About the brain-dead proposal that the government should abolish the 12 percent VAT to help consumers and reduce the inflation. I say brain-dead because their proposal does not include a corresponding plan to have large-scale spending cuts, like the abolition of some agencies or certain welfare and subsidy programs. We cannot have large-scale tax cuts unless accompanied by large-scale spending cuts.

 

My view on this is that VAT can be reduced from 12 percent to 10 percent or lower, but only if coupled with (a) the abolition of VAT exemptions (they pay zero VAT) for many sectors and (b) spending cuts elsewhere. VAT cannot be reduced unless these two accompanying measures are done either simultaneously or phased in a year or two before or after the VAT cut.

 

Our 12 percent VAT or sales tax is among the highest in East Asia, along with China’s 13 percent and Indonesia’s 12 percent.
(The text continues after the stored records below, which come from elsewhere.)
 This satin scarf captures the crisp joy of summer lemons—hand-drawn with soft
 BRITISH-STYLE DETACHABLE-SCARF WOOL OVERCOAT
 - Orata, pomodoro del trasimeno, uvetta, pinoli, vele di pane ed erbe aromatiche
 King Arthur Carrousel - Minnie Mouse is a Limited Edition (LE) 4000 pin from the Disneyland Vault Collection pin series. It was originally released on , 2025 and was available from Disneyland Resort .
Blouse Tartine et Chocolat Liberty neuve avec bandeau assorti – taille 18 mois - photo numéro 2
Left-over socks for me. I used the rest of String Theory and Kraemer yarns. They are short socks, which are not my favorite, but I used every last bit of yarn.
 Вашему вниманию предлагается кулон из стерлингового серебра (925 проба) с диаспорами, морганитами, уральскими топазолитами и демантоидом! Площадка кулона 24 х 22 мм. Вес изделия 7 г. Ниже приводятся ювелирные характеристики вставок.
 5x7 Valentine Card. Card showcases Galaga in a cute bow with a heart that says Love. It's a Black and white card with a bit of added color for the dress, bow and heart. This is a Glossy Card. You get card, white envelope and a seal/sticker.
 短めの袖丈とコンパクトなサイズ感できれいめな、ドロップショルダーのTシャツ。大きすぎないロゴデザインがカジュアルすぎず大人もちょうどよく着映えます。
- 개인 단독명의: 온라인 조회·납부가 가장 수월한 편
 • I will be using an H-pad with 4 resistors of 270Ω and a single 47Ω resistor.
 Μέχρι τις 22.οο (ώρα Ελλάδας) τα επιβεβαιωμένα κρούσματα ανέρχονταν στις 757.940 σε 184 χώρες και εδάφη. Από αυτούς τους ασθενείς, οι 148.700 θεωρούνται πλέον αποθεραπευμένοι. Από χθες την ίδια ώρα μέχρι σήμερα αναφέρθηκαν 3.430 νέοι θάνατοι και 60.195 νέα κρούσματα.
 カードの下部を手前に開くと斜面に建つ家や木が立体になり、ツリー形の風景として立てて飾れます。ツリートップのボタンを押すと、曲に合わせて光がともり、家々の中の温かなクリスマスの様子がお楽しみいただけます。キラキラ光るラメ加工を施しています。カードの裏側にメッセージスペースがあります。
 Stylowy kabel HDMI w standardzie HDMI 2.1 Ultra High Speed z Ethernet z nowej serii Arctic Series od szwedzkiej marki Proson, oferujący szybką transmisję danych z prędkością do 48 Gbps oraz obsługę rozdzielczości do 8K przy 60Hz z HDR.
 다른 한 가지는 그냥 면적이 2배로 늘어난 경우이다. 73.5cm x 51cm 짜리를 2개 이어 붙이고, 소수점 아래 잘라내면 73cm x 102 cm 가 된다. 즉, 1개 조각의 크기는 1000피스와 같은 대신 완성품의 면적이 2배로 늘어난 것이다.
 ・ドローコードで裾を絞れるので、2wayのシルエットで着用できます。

Other neighbors have lower rates: 10 percent in Japan, South Korea, Cambodia, Laos, Malaysia and Vietnam; nine percent in Singapore; seven percent in Thailand; five percent in Taiwan; and zero in Hong Kong.

 

Many sectors pay 12 percent while several sectors pay zero. This is wrong and distortionary. Once you exempt one sector from VAT payment, other sectors will also lobby hard for similar privileges and produce all sorts of bleeding-heart arguments and overall public finance conditions suffer.

 

The only sectors that should have zero VAT are raw agricultural and fishery products, like kangkong, kamatis, and tilapia — and imported materials for personal use, like pasalubong shoes and clothes for family members, to avoid hassle and corruption in the international airport arrival area for Filipinos.

 

The MUP (AFP, PNP, PCG, BFP, BJMP, BUCOR and NAMRIA) should pay for their own pensions someday when they retire, and not take everything from taxpayers. The MUP pension in the budget is P111 billion in 2024, P145 billion in 2025, and P198 billion in 2026, as proposed by the House of Representatives.

 

For me, this is a scandalous figure. Government doctors and nurses, teachers and educators, lawyers and engineers, agriculturists and local government personnel, among others, did not seek this kind of corrupt setup. They contributed to their own pension while in active service.

 

In addition, there is no “indexation” of retirees’ pensions from the existing salaries of active personnel among non-MUPs. MUP indexation is horribly unfair to taxpayers. A retired police or military general who retired 10 years ago with a monthly pay of, say, P50,000, but whose current counterpart now earns P200,000, will also get P200,000 per month — tax-free — not the P50,000 that was their last salary.

 

We need to cut waste, excess and abuse in the public sector. Taxpayers are not forever milking cows. Either they will try to under-declare taxes as the government remains wasteful, or they will join the waste by declaring themselves poor and entitled to endless subsidies and freebies.